__Task instructions__: The answer should hold only the lines from the one containing "お水遊びの前にはサンサン体操" through the one containing "27, 1999. | ||||||||||" in the entries below, copied exactly, without pictures.

(Data items)
=== Begin Enclosure ===

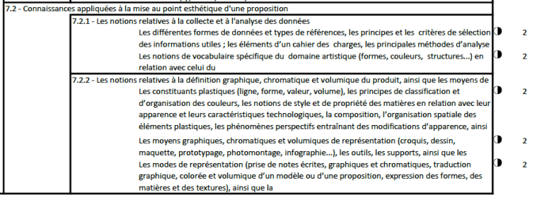 - C1.2 Lire, décoder, sélectionner et classer les informations : l’interprétation des données doit être conforme aux demandes esthétiques et techniques ; les informations retenues doivent permettre la réalisation du travail à effectuer en arts appliqués
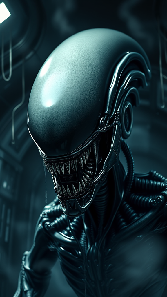 A highly detailed portrait of an alien creature inspired by the Xenomorph from the Alien movies, featuring a sleek, elongated head with a smooth, dome-like surface, completely devoid of visible eyes, which gives it an eerie and unsettling look. The creature's mouth is filled with short, razor-sharp metallic teeth and features a secondary set of teeth protruding from within like a small, menacing black box. Its skin is a glossy, obsidian exoskeleton that reflects light menacingly, adorned with biomechanical ridges and tubes stretching along its head and neck. The background presents a dark, industrial spaceship environment with metallic walls, dripping water, and swirling steam, enhancing the creature's sinister presence. The lighting casts deep shadows on the alien's features, highlighting its terrifying, otherworldly essence, creating a spine-chilling atmosphere.
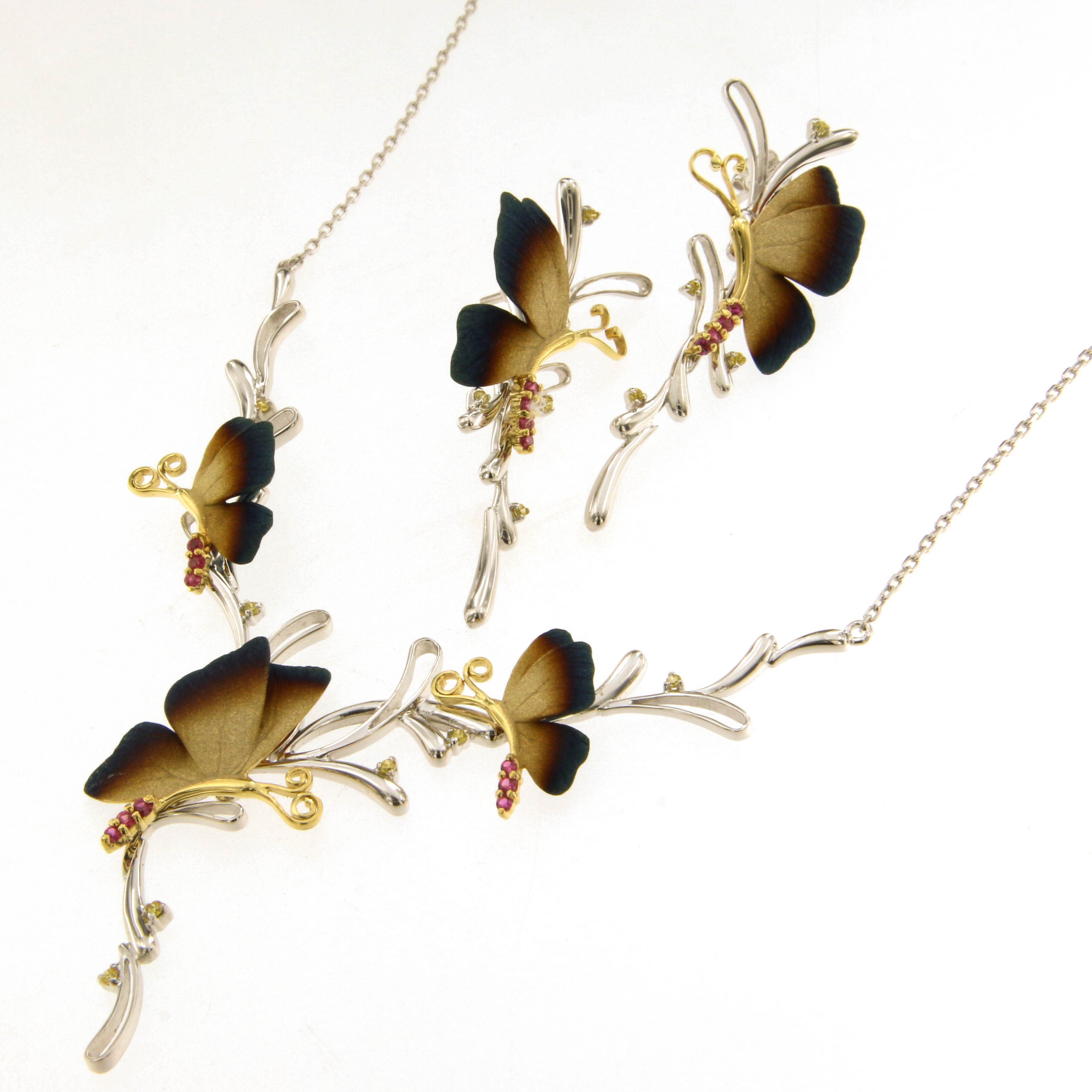 Колие от "Jacklin hugasian" в сребро с цветен емайл, цитрин и рубин. Колекция "Roberto Bravo"
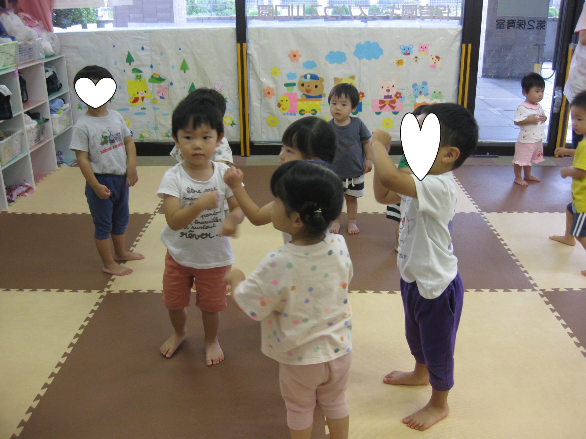 お水遊びの前にはサンサン体操を踊りました!みんなとっても上手に真似をして体を動かしてくれましたよ🤩少しずつ覚えてくれていて嬉しいです🎵
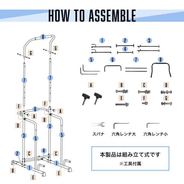 - 説明書が分かりやすいです。本体には番号とネジには記号がふってあるので30分位で組み上がりました。 ぶら下がりだけでなく他の運動も色々と出来るのでとても良いと思います。
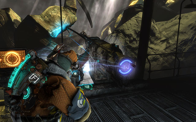 In case you haven't done that yet, right after you enter the facility, there is a workbench to your right, where you can raft a new weapon- the Probe Gun, basing on the blueprint and the collected parts. Go up now and to the first one of the harpoons. Activate the gun and when the harpoon catches on to the monster's flesh, , use kinesis to open it up. Do the same with the harpoon at the other side of the hangar.
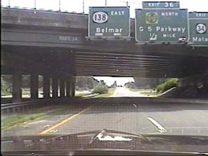 | This is the end of the Central Jersey Expressway, I-195 east, at exit 35(NJ 34, South GSP, Brielle, Pt Pleasant, Matawan) in Wall Township. NJ 138 begins here, and continues east past the Garden State Parkway to Belmar. Filmed July 27, 1999. | ||||||||||
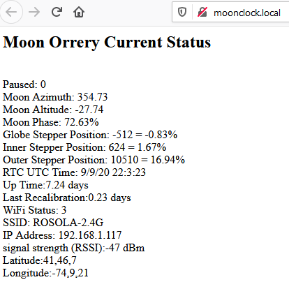 Meanwhile the device broadcasts a private website on the local network that provides detailed information about the status of the clock, capability to perform various debugging and maintenance operations and, perhaps most importantly, the ability to update the latitude and longitude of where the clock resides.
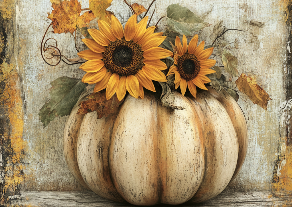 Rustic charm meets golden sunshine! Pumpkin Bloom is fall’s favorite centerpiece—where creamy farmhouse pumpkin tones cradle bright, cheerful sunflowers and dancing autumn leaves. It’s cozy, it’s classy, and it practically radiates sweater weather vibes.

=== End Enclosure ===

__Task solution__:
 お水遊びの前にはサンサン体操を踊りました!みんなとっても上手に真似をして体を動かしてくれましたよ🤩少しずつ覚えてくれていて嬉しいです🎵
 - 説明書が分かりやすいです。本体には番号とネジには記号がふってあるので30分位で組み上がりました。 ぶら下がりだけでなく他の運動も色々と出来るのでとても良いと思います。
 In case you haven't done that yet, right after you enter the facility, there is a workbench to your right, where you can raft a new weapon- the Probe Gun, basing on the blueprint and the collected parts. Go up now and to the first one of the harpoons. Activate the gun and when the harpoon catches on to the monster's flesh, , use kinesis to open it up. Do the same with the harpoon at the other side of the hangar.
 | This is the end of the Central Jersey Expressway, I-195 east, at exit 35(NJ 34, South GSP, Brielle, Pt Pleasant, Matawan) in Wall Township. NJ 138 begins here, and continues east past the Garden State Parkway to Belmar. Filmed July 27, 1999. | ||||||||||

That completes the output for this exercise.